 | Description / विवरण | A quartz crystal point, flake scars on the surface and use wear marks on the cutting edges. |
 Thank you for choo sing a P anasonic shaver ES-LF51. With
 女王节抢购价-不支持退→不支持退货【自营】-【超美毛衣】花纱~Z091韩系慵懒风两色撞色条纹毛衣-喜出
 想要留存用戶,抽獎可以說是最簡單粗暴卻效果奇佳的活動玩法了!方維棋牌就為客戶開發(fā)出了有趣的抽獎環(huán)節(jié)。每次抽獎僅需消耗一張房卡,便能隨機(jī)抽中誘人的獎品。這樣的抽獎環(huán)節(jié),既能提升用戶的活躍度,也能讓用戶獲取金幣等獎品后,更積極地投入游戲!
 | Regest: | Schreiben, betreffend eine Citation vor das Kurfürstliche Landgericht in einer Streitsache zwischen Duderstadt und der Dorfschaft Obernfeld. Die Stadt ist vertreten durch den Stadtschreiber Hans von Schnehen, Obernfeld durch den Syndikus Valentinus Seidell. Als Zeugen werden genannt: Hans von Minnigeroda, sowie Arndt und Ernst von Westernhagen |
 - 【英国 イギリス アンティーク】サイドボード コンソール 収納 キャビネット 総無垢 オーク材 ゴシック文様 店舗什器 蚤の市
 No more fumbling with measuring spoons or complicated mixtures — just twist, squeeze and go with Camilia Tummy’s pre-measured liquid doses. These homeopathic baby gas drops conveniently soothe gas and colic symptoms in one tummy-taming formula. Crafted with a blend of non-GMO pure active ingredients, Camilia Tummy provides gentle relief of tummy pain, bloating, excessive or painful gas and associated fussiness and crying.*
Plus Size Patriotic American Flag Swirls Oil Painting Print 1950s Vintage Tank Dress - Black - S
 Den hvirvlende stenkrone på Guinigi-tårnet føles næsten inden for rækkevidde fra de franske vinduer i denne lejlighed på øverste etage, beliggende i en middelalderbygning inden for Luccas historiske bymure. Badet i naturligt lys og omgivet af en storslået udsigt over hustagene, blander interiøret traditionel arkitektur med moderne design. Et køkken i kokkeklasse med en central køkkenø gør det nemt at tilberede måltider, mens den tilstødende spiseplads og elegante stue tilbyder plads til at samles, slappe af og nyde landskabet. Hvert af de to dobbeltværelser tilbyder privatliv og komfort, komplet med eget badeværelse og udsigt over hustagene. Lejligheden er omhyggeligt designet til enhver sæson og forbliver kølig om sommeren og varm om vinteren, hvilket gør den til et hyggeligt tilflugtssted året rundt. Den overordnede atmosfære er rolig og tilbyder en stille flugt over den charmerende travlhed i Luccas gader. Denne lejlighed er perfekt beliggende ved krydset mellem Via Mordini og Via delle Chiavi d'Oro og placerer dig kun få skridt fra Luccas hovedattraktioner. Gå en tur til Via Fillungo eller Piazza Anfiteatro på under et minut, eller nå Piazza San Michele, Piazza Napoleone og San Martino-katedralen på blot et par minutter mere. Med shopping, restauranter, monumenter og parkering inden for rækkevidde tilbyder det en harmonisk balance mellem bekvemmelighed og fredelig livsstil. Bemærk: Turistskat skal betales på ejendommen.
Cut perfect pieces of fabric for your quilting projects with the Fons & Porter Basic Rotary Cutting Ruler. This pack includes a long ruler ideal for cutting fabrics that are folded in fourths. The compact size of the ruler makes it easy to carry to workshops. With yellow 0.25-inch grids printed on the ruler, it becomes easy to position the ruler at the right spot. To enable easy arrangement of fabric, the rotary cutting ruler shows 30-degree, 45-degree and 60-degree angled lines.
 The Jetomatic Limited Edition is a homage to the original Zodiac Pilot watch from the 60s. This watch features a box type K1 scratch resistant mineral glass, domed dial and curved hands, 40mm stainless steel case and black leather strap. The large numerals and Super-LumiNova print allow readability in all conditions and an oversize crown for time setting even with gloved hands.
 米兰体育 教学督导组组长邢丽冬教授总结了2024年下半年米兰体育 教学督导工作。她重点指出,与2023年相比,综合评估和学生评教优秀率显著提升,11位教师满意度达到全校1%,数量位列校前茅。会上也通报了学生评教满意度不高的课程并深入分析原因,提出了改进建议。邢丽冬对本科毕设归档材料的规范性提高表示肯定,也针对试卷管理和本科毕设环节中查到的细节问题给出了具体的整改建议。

——————

[WHAT TO PRODUCE]: Transcribe the lines above between the line holding "Thank you for" and the line holding "女王节抢购价-不支持退→不支", inclusive, exactly as they stand and with nothing added.

[SOLUTION TO THIS EXERCISE]:
 Thank you for choo sing a P anasonic shaver ES-LF51. With
 女王节抢购价-不支持退→不支持退货【自营】-【超美毛衣】花纱~Z091韩系慵懒风两色撞色条纹毛衣-喜出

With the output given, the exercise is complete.